Key numerical findings include:

• Across 77 model-dataset settings, recos outperforms cosine in 71 cases (92.2% win rate; median gain ≈ 0.16 points), and improvement is statistically significant (Wilcoxon $V=2581$, $p<0.001$, effect size $r=0.835$).
• Gains are amplified for specialized or universal embeddings (e.g., CLIP-ViT, SPECTER, DPR), where recos provides absolute performance improvements up to +1.36 points on individual datasets.
• For unit-norm representations (BGE, E5), absolute gains are small, corroborating the theoretical equivalence between cosine and decos under normalization.

The consistent empirical lift, especially for models whose vector geometries deviate from strict linear semantics, validates the broader inductive bias captured by recos.

Theoretical and Practical Implications

By constructing a chain of similarity metrics grounded in successively more permissive dot-product bounds, the recos metric advances the toolkit for semantic analysis, particularly in complex or nonlinear vector spaces. Its main theoretical implication is a shift towards understanding similarity as order-concordance rather than metric alignment. This aligns with empirical evidence that deep distributed representations often encode semantic meaning nonlinearly.

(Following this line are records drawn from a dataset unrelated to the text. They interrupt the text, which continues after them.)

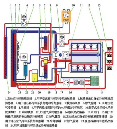(2)另一个冷却液循环系统用于增压空气冷却,冷却液在电动冷却液泵的作用下,从增压器冷却液散热器分三路分别到达发动机控制单元外壳以及左、右增压器冷却器,吸热后回到散热器。
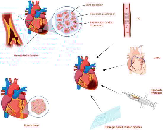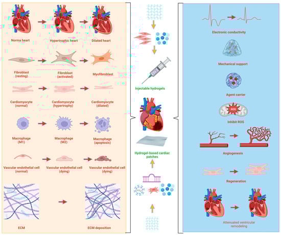 There are two main approaches to cardiac regeneration based on hydrogels: injectable hydrogels and hydrogel-based cardiac patches [98]. Injectable hydrogels are used to deliver bioactive compounds and cells to the myocardial wall for in situ repair and regeneration, and hydrogel-based cardiac patches provide mechanical support to the myocardial wall, inhibiting ventricular enlargement passively [99]. An injectable hydrogel patch is an emerging approach that hybrid injectable hydrogels and cardiac patches facilitate cardiac neovascularization and regeneration [48,98]. In order to repair damaged myocardium, a hydrogel patch must be surgically sutured to the epicardial surface. A growing interest has been generated in injectable hydrogels for the treatment of MI due to their ability to precisely enter and fill inaccessible tissue sites and pathological sites to repair damage (Figure 3).
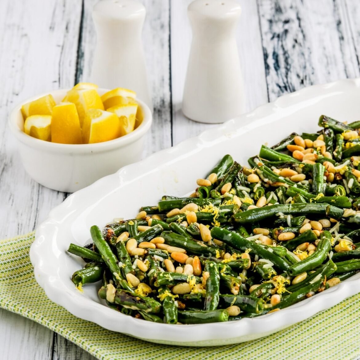 Green Beans with Lemon, Parmesan, and Pine Nuts are quickly stir-fried to turn fresh green beans into a special side dish. And the addition of lemon, Parmesan, and pine nuts turns green beans into a gourmet treat!
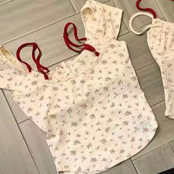 여성용 투피스 플로럴 슬리브리스 탑 여름용 슬림 핏 섹시한 반팔 상의스토어 가기
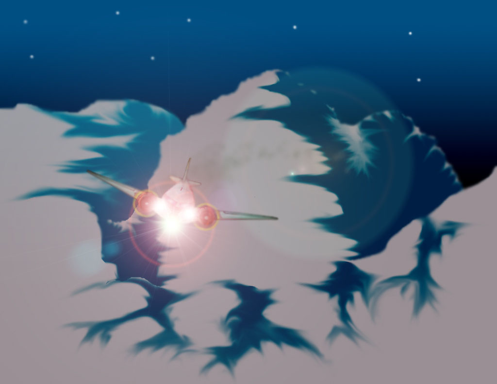 Also ich würde sagen, das wenn man die version von Frogger und Mr. Manga mixen würde, dann würde das Bild noch cooler wirken, und zwar wenn man froggers verschwommenen Hintergrund und Mr. Mangas scharfes Flugzeug nehmen würde, dann könnte nämlich noch ein Tiefeneffekt gelingen, oder? Jedenfalls denke ich das mal. Ach ja und Klees Tip mit den Sternen würde auch noch jut sein
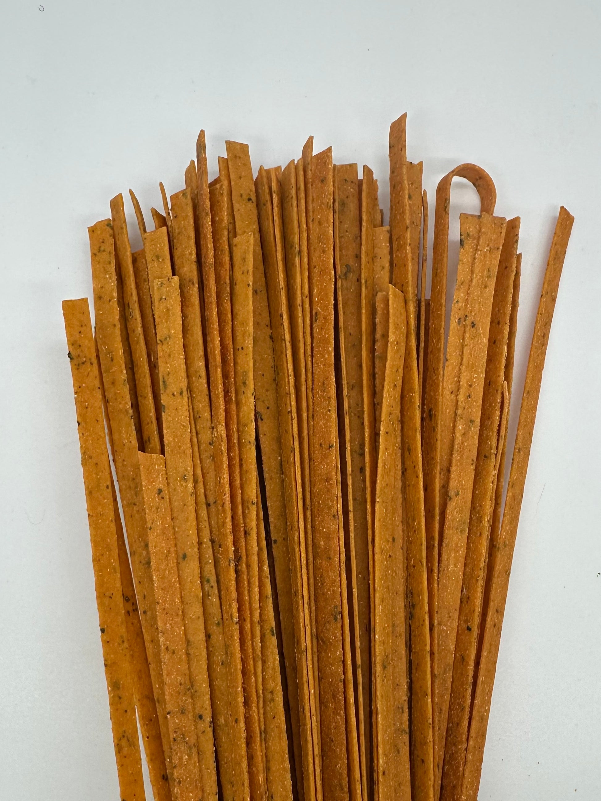 Tangy tomato, sweet basil and a hint of paparika make this fettuccini a popular, versatile dish. Pairs well with sausage, sun dried tomatoes or steamed vegetables. Using semolina durum wheat, the rolled pasta is dried at low temperatures to maintain the quality and flavor of its ingredients.
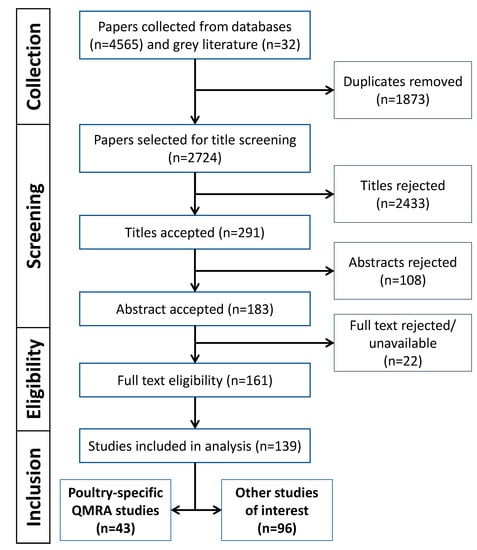 The search was done on each database considering their respective starting year—1956 for Web of Science, 1788 for Scopus—to the date of the 11 February 2020. A total of 4565 articles (2242 from Web of Science and 2323 from Scopus) were collected, and 32 papers from the grey literature (mostly reports from European health agencies and the WHO) were added. Then, articles were screened that involved the removal of duplicates and scrutiny of titles and abstracts. Records were considered eligible after thorough inspection of full texts. During the whole selection process, only articles that met potential inclusion criteria were included: studies related to poultry QMRA, predictive modeling, risk factors, and prevalence of poultry pathogens. The studies were included without geographical discrimination. Studies that did not comply with the inclusion criteria were rejected.
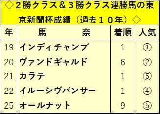 ただ、年齢別で最多5勝を挙げる4歳勢にも注意が必要だ。重賞ウィナーでも2歳重賞(札幌2歳S)のため、G12着馬でも重賞実績による加重がなく、他馬との比較で斤量面で利があるマジックサンズはもちろんだが、重賞初挑戦のエンペラーズソードも勝機十分のデータがある。3勝クラスを勝って臨んだ組は【3・1・0・8】だが、3勝すべては2勝クラス、3勝クラスと連勝していた馬(該当馬5頭、表参照)だった。逃げか番手が見込める組み合わせからも頭の期待ができる。
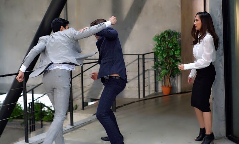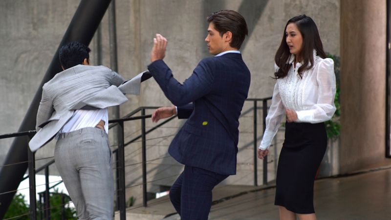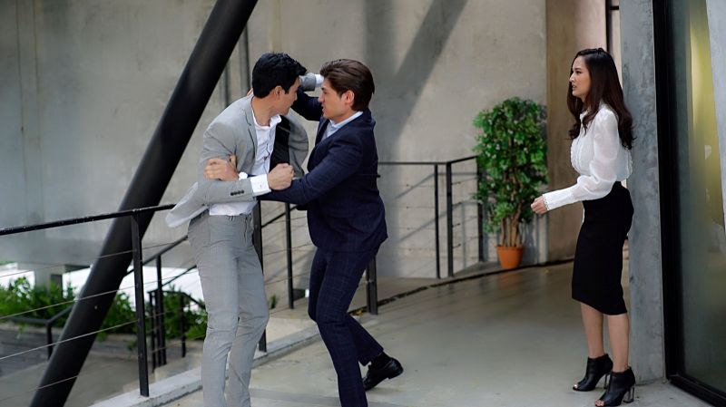 ฉากนี้ถ่ายที่ ออฟฟิศทริปเบิ้ลทู ย่านวัชรพล-สายไหม โดยผู้กำกับ ขอซ้อมคิวบู๊ระหว่าง ณัฐกับนนท์ ก่อน ความสูงคู่นี้ถือว่าสูสี แต่ความแน่นของมวลกล้าม หนุ่มนนท์ฟิตมาอย่างดี ทำเอาณัฐออกตัวเอี๊ยด ให้นนท์ออมแรงบ้าง หลังกะระยะการชก จังหวะหลบกันได้ที่ ถ่ายจริง แซนดี้ยืนหน้าเครียด เพราะนนท์ไม่พยายามเข้าใจ ว่าขอห่างสักพัก นนท์ใช้ลีลากรุ้มกริ่ม เข้ามากอดแซนดี้ อ้อนว่าจะทำตัวให้ดีขึ้น แต่แซนดี้ยืนกรานคำเดิม นนท์เริ่มโมโห กระชากแขนแซนดี้ เค้นความจริงว่าแอบมีคนใหม่ แซนดี้สะบัดหนี แต่นนท์ก็ยิ่งบีบแขนแรงขึ้น ณัฐผ่านมา เห็นแซนดี้ถูกกระชาก เลยเข้าไปห้าม นนท์ลมหึงตีหน้า พาลคิดว่าณัฐเป็นมือที่ 3 ทำแซนดี้ปันใจ เลยเหวี่ยงหมัดใส่ณัฐ 1 ที จังหวะนี้ณัฐผิดคิว ลืมหลบ เลยโดนปลายหมัดเฉียดคางไป 1 ดอก ดีที่นนท์เหวี่ยงไม่แรง ไม่งั้น มีหวังหลับกลางอากาศแน่ (ฮา) ถ่ายต่อ นนท์เปิดหมัดใส่ณัฐอีกครั้ง คราวนี้ณัฐหลบได้ทัน เลยฟาดหมัดคืนเป็นการสั่งสอน แซนดี้เห็นท่าไม่ดี รีบเข้าไปห้าม แต่ทั้งคู่กำลังแรงใส่กัน จะยอมสงบศึกครั้งนี้ง่ายๆ หรือไม่ ติดตามชมฉากนี้ วันจันทร์ที่ 30 กันยายน 2562 เวลา 18.20 น. ทางช่อง 8 กดเลข 27

Practically, recos is directly applicable to retrieval, ranking, and clustering tasks involving embeddings, especially where traditional angular similarity underestimates nuanced semantic matches. Its $O(d \log d)$ sorting complexity is a manageable trade-off versus $O(d)$ for cosine when improved alignment with human judgment is required, although large-scale deployment may motivate approximate or subsampled ranking schemes.

By demonstrating both statistical and effect-size significance, the paper opens the way for reconsideration of similarity metrics in contrastive learning, embedding evaluation, and zero-shot transfer setups.

Future Directions

Research directions include:

• Optimizing recos for large-scale applications (e.g., via efficient partial sorting or quantization),
• Integrating recos into contrastive or supervised training objectives to directly leverage ordinal concordance,
• Probing its performance for embeddings aligned to non-textual modalities (vision, cross-modal, multi-modal),
• Theorizing the conditions under which ordinal agreement catalyzes mutual information in semantic representation, versus purely angular approaches.

Conclusion

The recos metric, founded on the rearrangement inequality, represents a principled and empirically validated evolution beyond cosine similarity for semantic embedding comparison. It captures a spectrum of vector relationships aligned with practical notions of semantic similarity, especially for state-of-the-art embedding models. Its statistical superiority and theoretical generalization over legacy metrics underscore the importance of broadening the inductive bias of similarity computation in AI.